Whisper-AI-Psychiatric / VOICE_TO_AI_WORKFLOW.md
KNipun's picture
Upload 14 files
cf0bb06 verified
# Voice-to-AI Workflow Documentation
## 🎤➡️🤖 Complete Voice-to-AI Pipeline
### Current Workflow:
```
1. 🎤 User speaks into microphone/uploads audio file
2. 🔄 Audio gets processed by Whisper-tiny model
3. 📝 Speech is transcribed to English text
4. 🧠 Text is sent to your main model: "model/Whisper-psychology-gemma-3-1b"
5. 🔍 FAISS searches relevant documents for context
6. 💬 Main model generates psychological response
7. 📺 Response is displayed in chat
8. 🔊 (Optional) Response can be converted to speech via TTS
```
### Technical Implementation:
#### Step 1-3: Speech-to-Text
```python
# Audio processing with Whisper-tiny
transcribed_text = transcribe_audio(
audio_bytes,
st.session_state.whisper_model, # whisper-tiny model
st.session_state.whisper_processor
)
```
#### Step 4-6: AI Processing
```python
# Main model processing
answer, sources, metadata = process_medical_query(
transcribed_text, # Your speech as text
st.session_state.faiss_index, # Document search
st.session_state.embedding_model,
st.session_state.optimal_docs,
st.session_state.model, # YOUR MAIN MODEL HERE
st.session_state.tokenizer, # model/Whisper-psychology-gemma-3-1b
**generation_params
)
```
#### Step 7-8: Response Display
```python
# Add to chat and optionally convert to speech
st.session_state.messages.append({
"role": "assistant",
"content": answer, # Response from your main model
"sources": sources,
"metadata": metadata
})
```
### Models Used:
1. **Speech-to-Text**: `stt-model/whisper-tiny/`
- Converts your voice to English text
- Language: English only (forced)
2. **Main AI Model**: `model/Whisper-psychology-gemma-3-1b/`**YOUR MODEL**
- Processes the transcribed text
- Generates psychological responses
- Uses RAG with FAISS for context
3. **Text-to-Speech**: `tts-model/Kokoro-82M/`
- Converts AI response back to speech
- Currently uses placeholder implementation
4. **Document Search**: `faiss_index/`
- Provides context for better responses
### Usage:
1. **Click the microphone button** 🎤
2. **Speak your mental health question**
3. **Click "🔄 Transcribe Audio"**
4. **Watch the complete pipeline work automatically:**
- Your speech → Text
- Text → Your AI model
- AI response → Chat
- Optional: Response → Speech
### What happens when you transcribe:
**Immediate automatic processing** - No manual steps needed!
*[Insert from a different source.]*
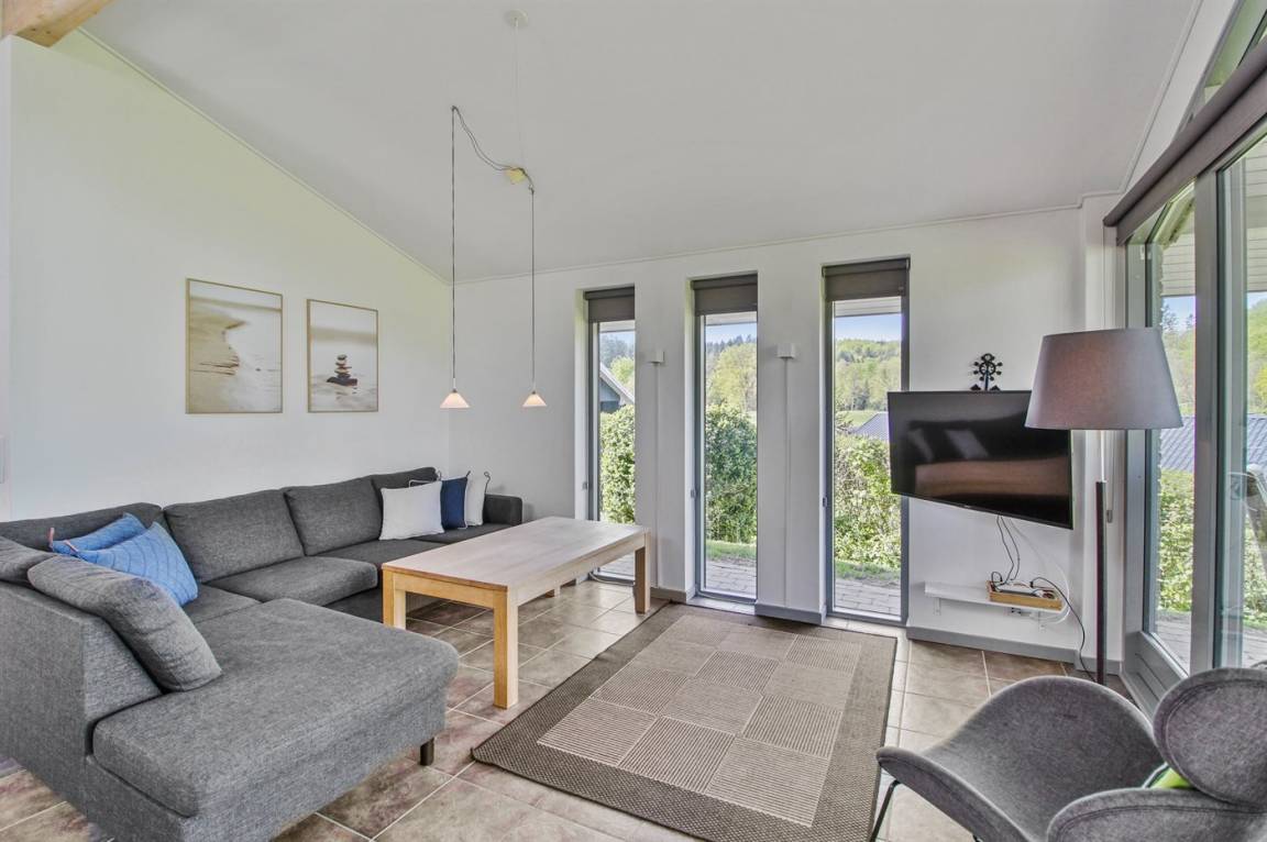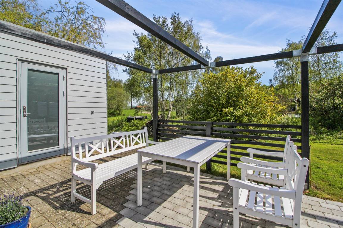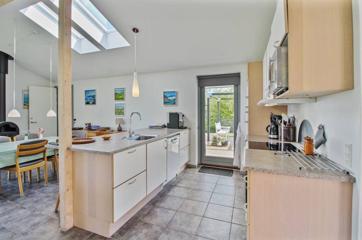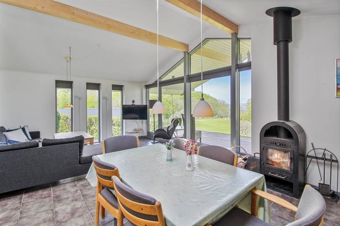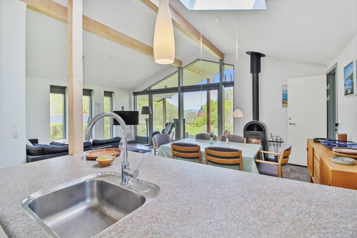DraußenDie Ferienunterkunft liegt auf einem 600 m² großen Naturgrundstück. Die Entfernung zum Fjord beträgt 250 m. Es gibt einen Badesteg in der Nähe. Die nächste Einkaufsmöglichkeit liegt 4000 m entfernt. Es steht ein 40 m² Terrassenareal zur Verfügung. Außerdem gibt es 21 m² überdachte Terrasse. Geräteraum. Außenspüle. Außen-Reinigungstisch. Parkplatz auf dem Grundstück.

**Your speech text goes directly to your main model**
**Full psychiatric AI response is generated**
**Complete conversation appears in chat**
**Optional TTS for audio response**
The system now automatically sends your transcribed speech to your `model/Whisper-psychology-gemma-3-1b` model and gets a full AI response without any additional steps!